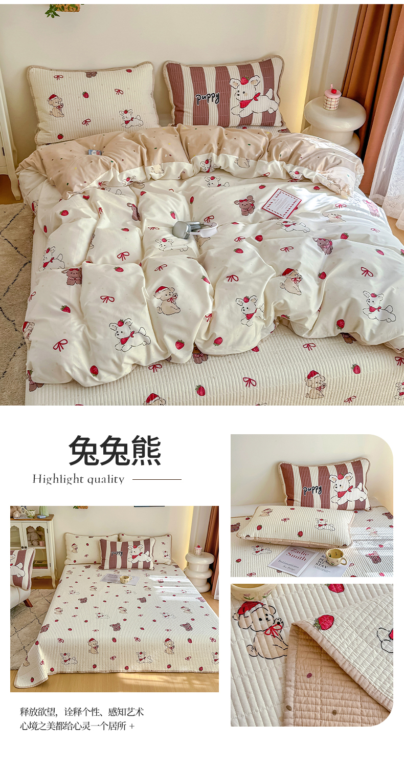 (总)橙子家居 2025新款双面全棉纯棉砂洗夹棉床盖三件套,粉木马,腊肠狗,梦露花园,苹果趣事,甜心南瓜,小熊贝蒂,樱桃派,组合图仅供展示,格子小熊,赫本,莫娇-黄,沁花-绿,薇恋时光,雾里花-粉,雅清
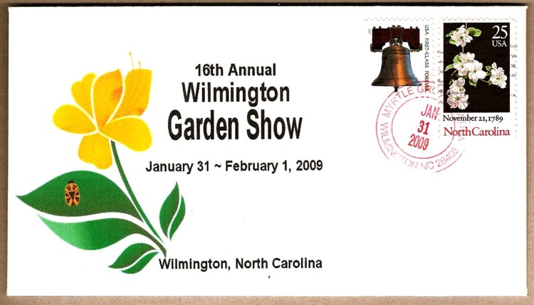 unique in that it was sent "stampless" through the mails. History: Wilmington has been the home of the annual springtime "North Carolina Azalea Festival" which first began in 1948. The Festival is a celebration of Wilmington's exceptional azalea gardens showcasing the brilliant floral displays with which southeastern North Carolina greets the spring. Additionally, the Festival celebrates the rich history, artwork and culture of Wilmington. It is usually celebrated over five days of entertainment that now includes a parade, street fair, circus, concerts, pageantry and all that is Southern. The Festival is substantially sponsored by four major organizations including GE-Wilmington, Neuwirth Chrysler-Jeep, Progress Energy and the Wachovia Bank. The 72nd Annual "North Carolina Azalea Festival" will be held April 3-7, 2019 in the greater Wilmington area. |
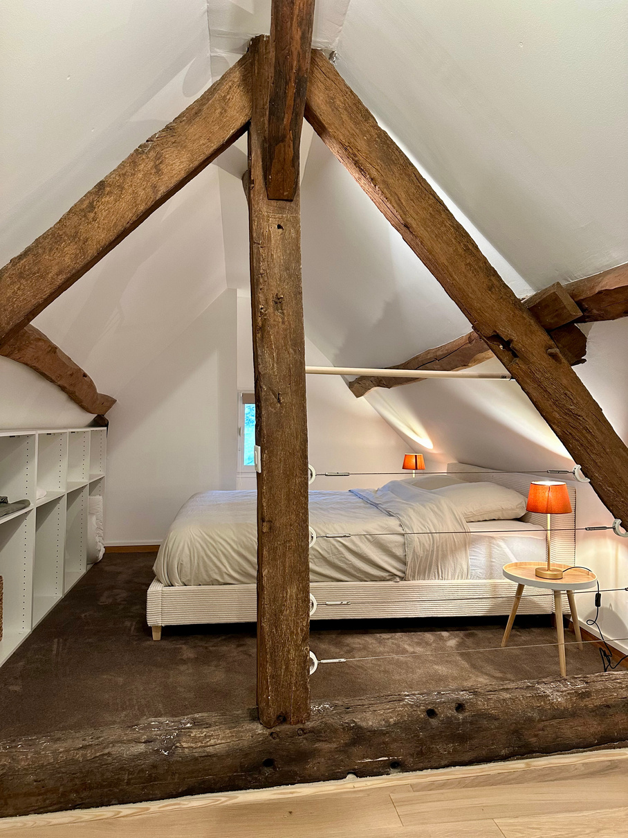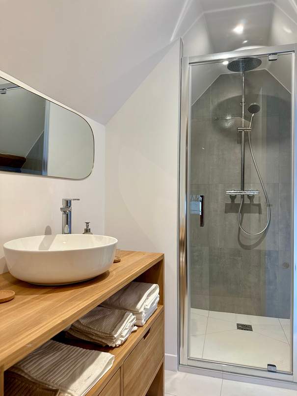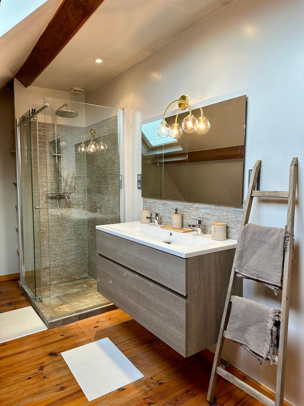A l’étage sous la vielle charpente en chêne vous trouverez une très jolie chambre avec un lit de 160 x 200 (literie de qualité), des placards et penderie ainsi qu’une salle de bains avec une grande douche à l’italienne.
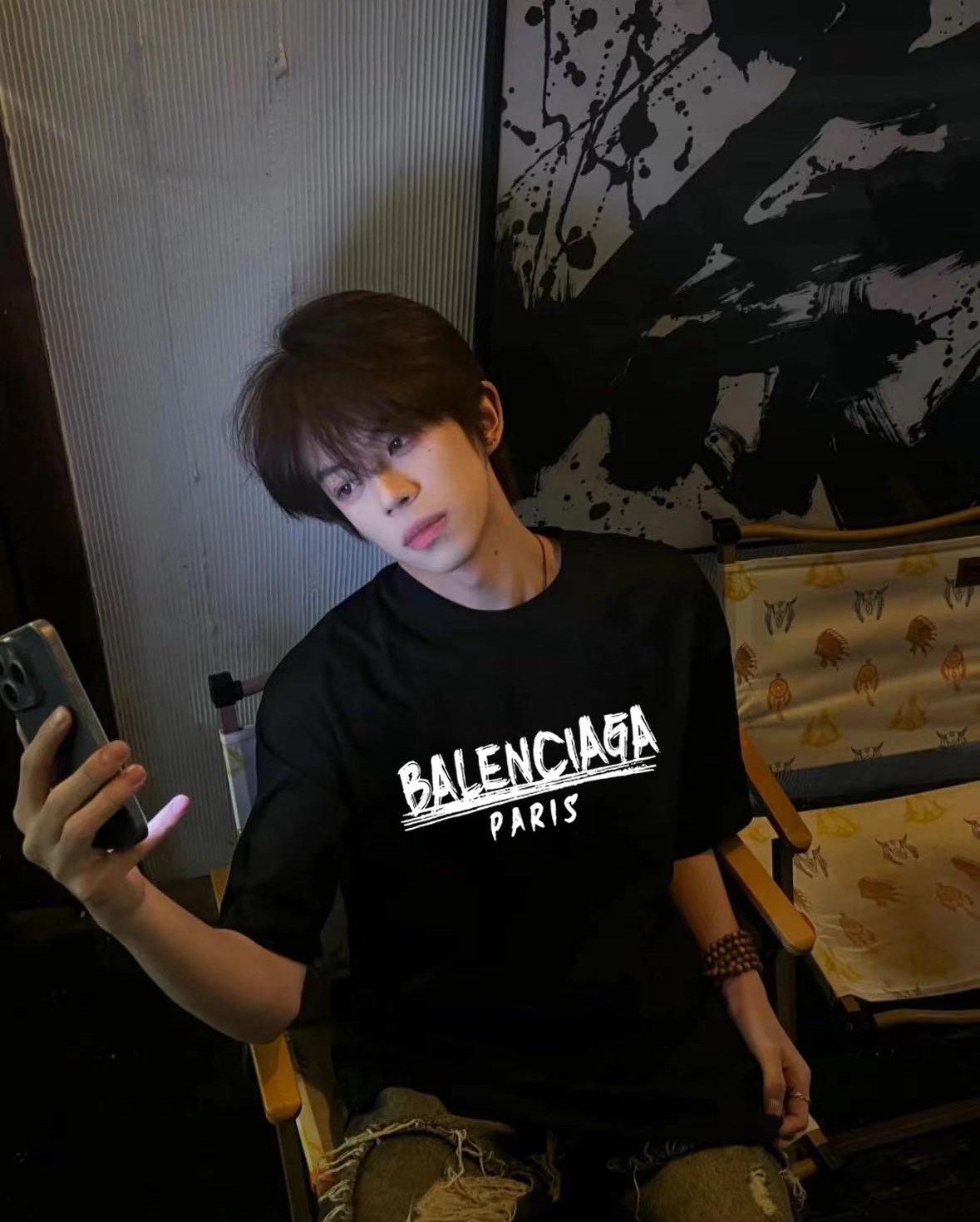 Balenciaga巴黎世家泼墨圆领短袖半袖T恤
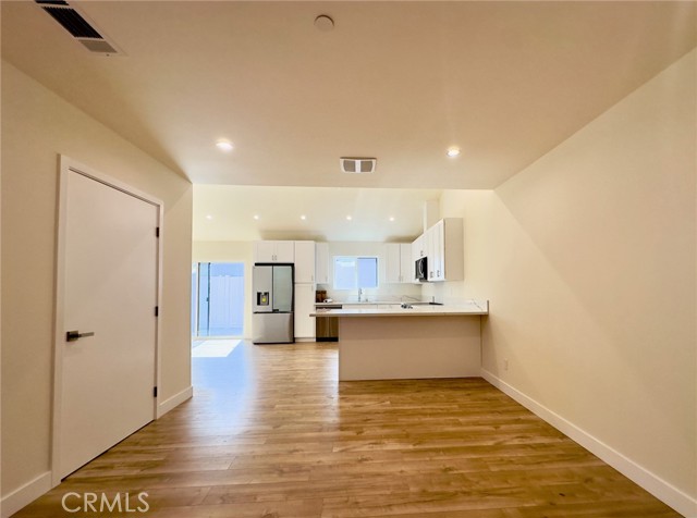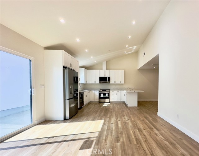 Welcome to your beautiful brand-new home, featuring 3 bedrooms, 2.5 bathrooms, and 1,200 sq. ft. of modern living space. You’ll be the first family to enjoy this stunning new construction! This home offers an open-concept living room with high vaulted ceilings, laminated floors, and recessed lighting throughout. The modern kitchen is equipped with quartz countertops and stainless steel appliances, making it perfect for cooking and entertaining. Enjoy ultimate comfort with central A/C, in-unit washer and dryer, and solar panels that significantly reduce your utility costs. The property features a private entrance, a small private yard, and dedicated parking with space for two cars in a large driveway. Located in a quiet, clean, and desirable neighborhood, this home offers both privacy and convenience. GREAT POTENTIAL for boarding care with its oversized doors and hallway.
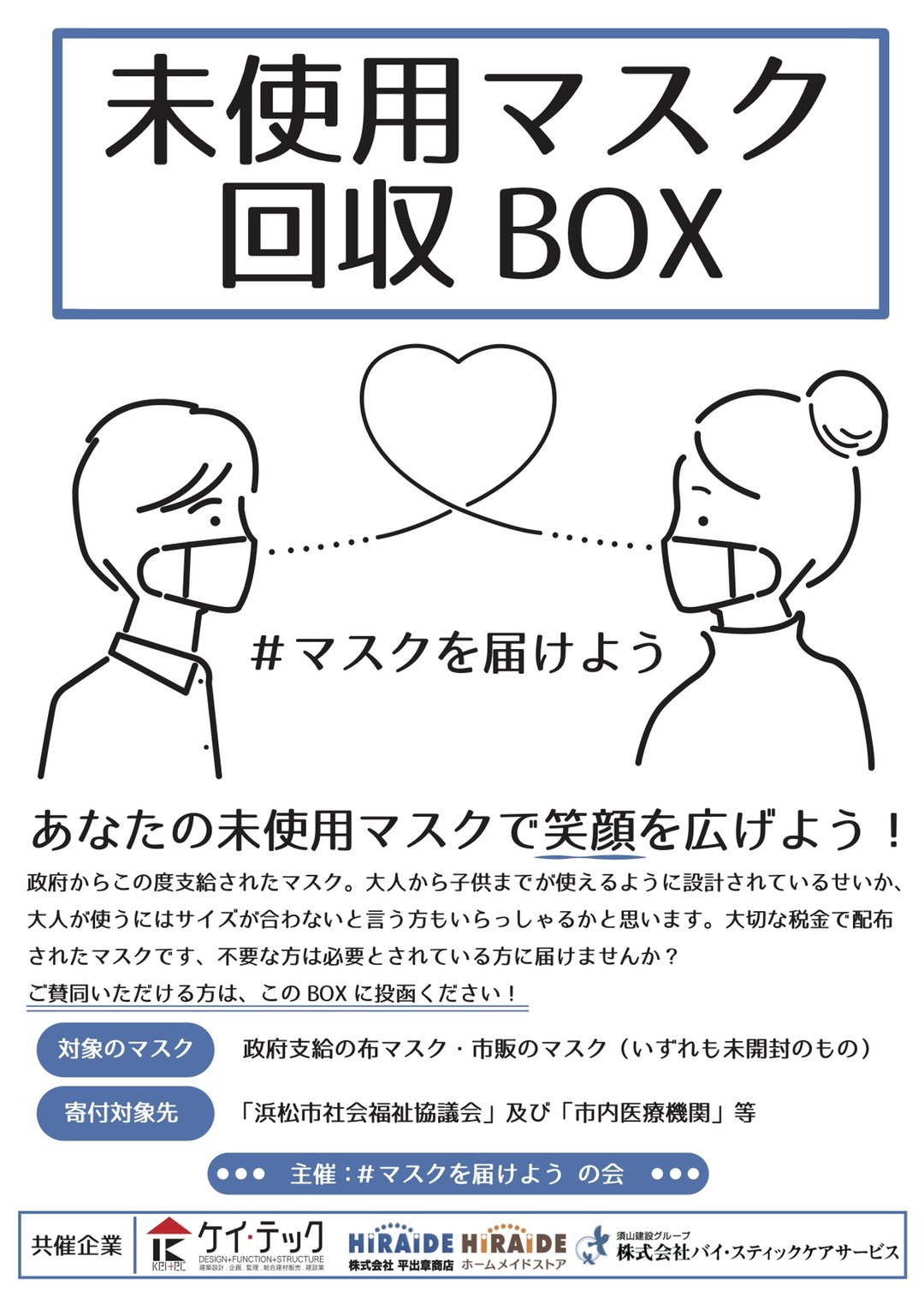 この度、浜松市内の仲間の経営者と一緒に未使用マスクの回収を始めました。
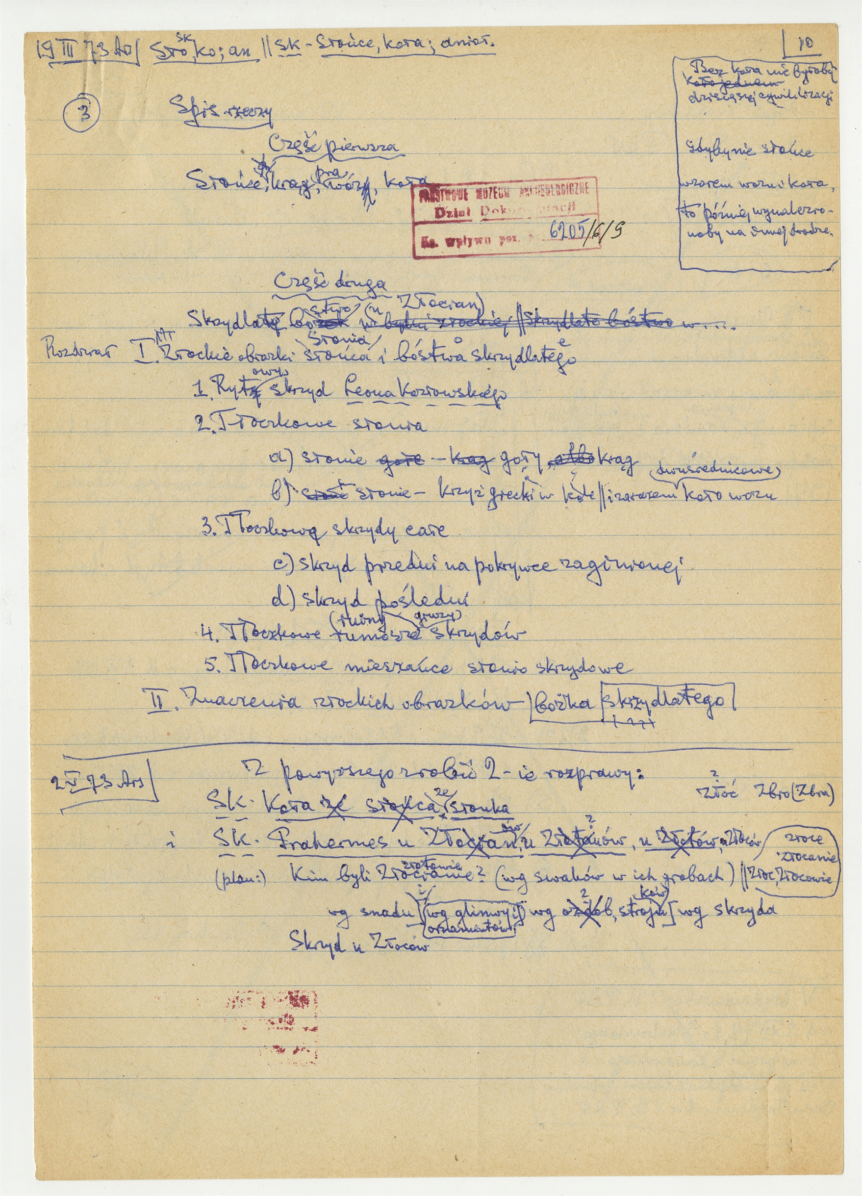 Rękopis rozprawy pt. "Słońce koło i anioł" - strona 8: "Spis rzeczy"
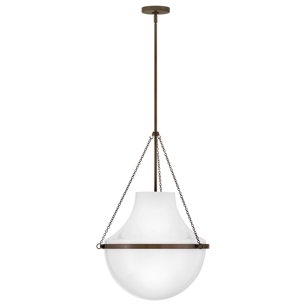 Fusing a sculpted, modern form with classically styled details, Collins features a transitional teardrop shade crafted from blown, Cased Opal glass. A central metal band and delicate chain uprights are available in Black Oxide, Heritage Brass, Heritage Bronze, or Polished Nickel finishes.
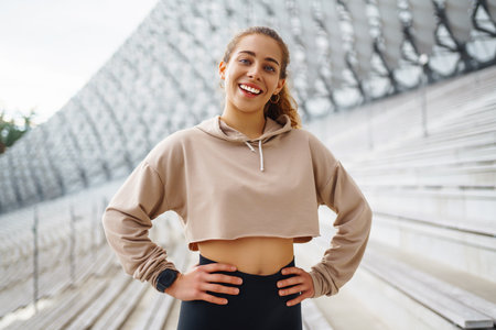 Portrait of attractive sport woman in sportswear posing outdoors at the stadium.young woman dressed in sportswear posing at the stadium on running track. Sport and healthy lifestyle.
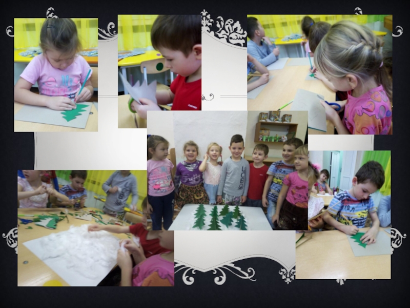 Зимний лесНаучить детей склеивать из цветной бумаги объемную елку. Развивать пространственное восприятие, поддерживать интерес к бумажной пластике.
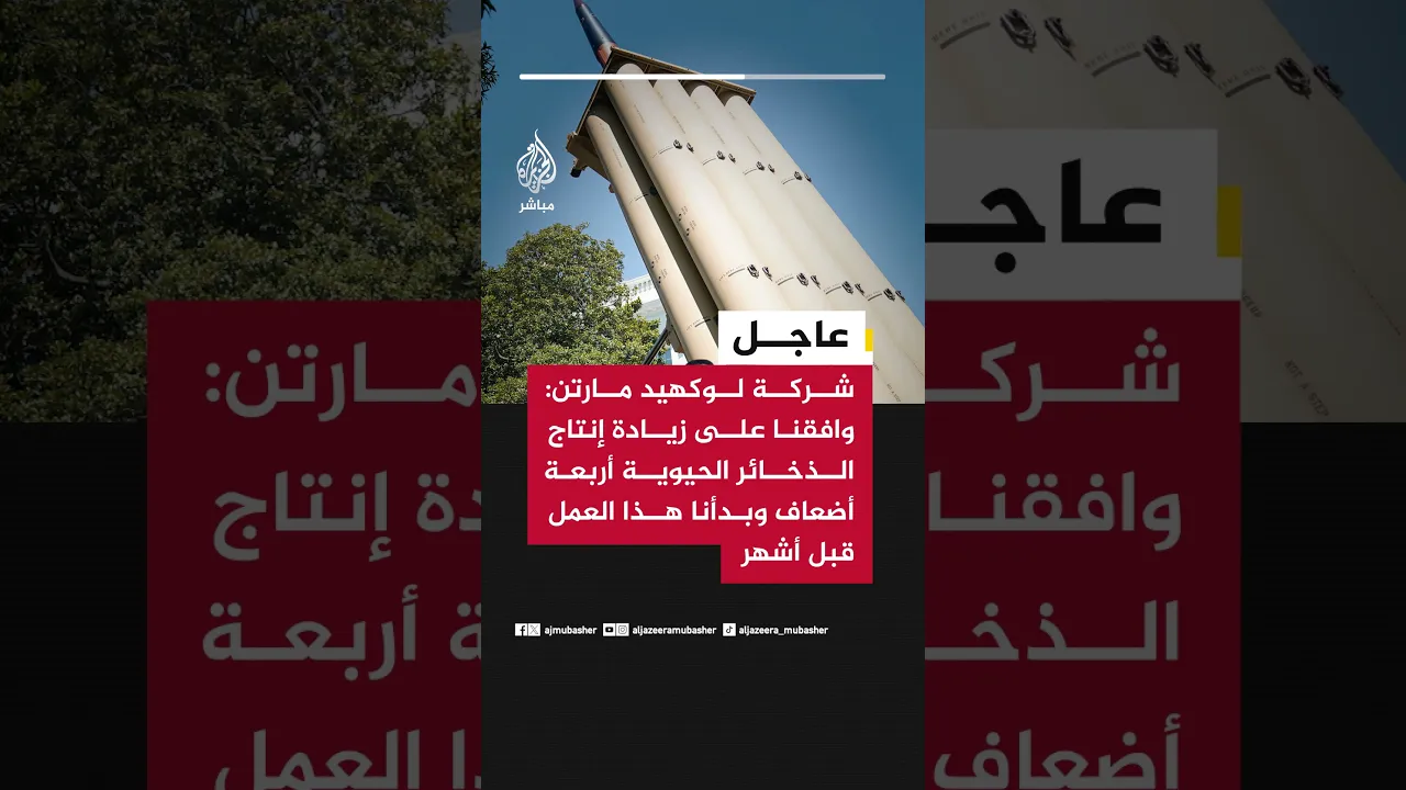 عاجل | شركة لوكهيد مارتن الأمريكية: وافقنا على زيادة إنتاج الذخائر الحيوية أربعة أضعاف وبدأنا هذا العمل قبل أشهر
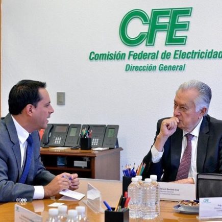 Ciudad de México, 8 de julio de 2019.- El Gobernador Mauricio Vila Dosal se reunió con el director de la Comisión Federal de Electricidad (CFE), Manuel Bartlett Díaz, para dar seguimiento a los proyectos de generación de energía eléctrica que garanticen el suministro en beneficio de todas las familias yucatecas y de la Península. Vila Dosal, quien estuvo acompañado de Ernesto Herrera Novelo, secretario de Fomento Económico y Trabajo (Sefoet), y Bartlett Díaz coincidieron en la importancia de garantizar el abasto de gas natural que se requiere para que las centrales eléctricas puedan trabajar a su máxima capacidad, por lo …

TASK REQUIREMENTS → Please restate all of the listing above word for word, with no pictures.

ANSWER TO THE EXERCISE →
 (总)橙子家居 2025新款双面全棉纯棉砂洗夹棉床盖三件套,粉木马,腊肠狗,梦露花园,苹果趣事,甜心南瓜,小熊贝蒂,樱桃派,组合图仅供展示,格子小熊,赫本,莫娇-黄,沁花-绿,薇恋时光,雾里花-粉,雅清
 unique in that it was sent "stampless" through the mails. History: Wilmington has been the home of the annual springtime "North Carolina Azalea Festival" which first began in 1948. The Festival is a celebration of Wilmington's exceptional azalea gardens showcasing the brilliant floral displays with which southeastern North Carolina greets the spring. Additionally, the Festival celebrates the rich history, artwork and culture of Wilmington. It is usually celebrated over five days of entertainment that now includes a parade, street fair, circus, concerts, pageantry and all that is Southern. The Festival is substantially sponsored by four major organizations including GE-Wilmington, Neuwirth Chrysler-Jeep, Progress Energy and the Wachovia Bank. The 72nd Annual "North Carolina Azalea Festival" will be held April 3-7, 2019 in the greater Wilmington area. |
A l’étage sous la vielle charpente en chêne vous trouverez une très jolie chambre avec un lit de 160 x 200 (literie de qualité), des placards et penderie ainsi qu’une salle de bains avec une grande douche à l’italienne.
 Balenciaga巴黎世家泼墨圆领短袖半袖T恤
 Welcome to your beautiful brand-new home, featuring 3 bedrooms, 2.5 bathrooms, and 1,200 sq. ft. of modern living space. You’ll be the first family to enjoy this stunning new construction! This home offers an open-concept living room with high vaulted ceilings, laminated floors, and recessed lighting throughout. The modern kitchen is equipped with quartz countertops and stainless steel appliances, making it perfect for cooking and entertaining. Enjoy ultimate comfort with central A/C, in-unit washer and dryer, and solar panels that significantly reduce your utility costs. The property features a private entrance, a small private yard, and dedicated parking with space for two cars in a large driveway. Located in a quiet, clean, and desirable neighborhood, this home offers both privacy and convenience. GREAT POTENTIAL for boarding care with its oversized doors and hallway.
 この度、浜松市内の仲間の経営者と一緒に未使用マスクの回収を始めました。
 Rękopis rozprawy pt. "Słońce koło i anioł" - strona 8: "Spis rzeczy"
 Fusing a sculpted, modern form with classically styled details, Collins features a transitional teardrop shade crafted from blown, Cased Opal glass. A central metal band and delicate chain uprights are available in Black Oxide, Heritage Brass, Heritage Bronze, or Polished Nickel finishes.
 Portrait of attractive sport woman in sportswear posing outdoors at the stadium.young woman dressed in sportswear posing at the stadium on running track. Sport and healthy lifestyle.
 Зимний лесНаучить детей склеивать из цветной бумаги объемную елку. Развивать пространственное восприятие, поддерживать интерес к бумажной пластике.
 عاجل | شركة لوكهيد مارتن الأمريكية: وافقنا على زيادة إنتاج الذخائر الحيوية أربعة أضعاف وبدأنا هذا العمل قبل أشهر
 Ciudad de México, 8 de julio de 2019.- El Gobernador Mauricio Vila Dosal se reunió con el director de la Comisión Federal de Electricidad (CFE), Manuel Bartlett Díaz, para dar seguimiento a los proyectos de generación de energía eléctrica que garanticen el suministro en beneficio de todas las familias yucatecas y de la Península. Vila Dosal, quien estuvo acompañado de Ernesto Herrera Novelo, secretario de Fomento Económico y Trabajo (Sefoet), y Bartlett Díaz coincidieron en la importancia de garantizar el abasto de gas natural que se requiere para que las centrales eléctricas puedan trabajar a su máxima capacidad, por lo …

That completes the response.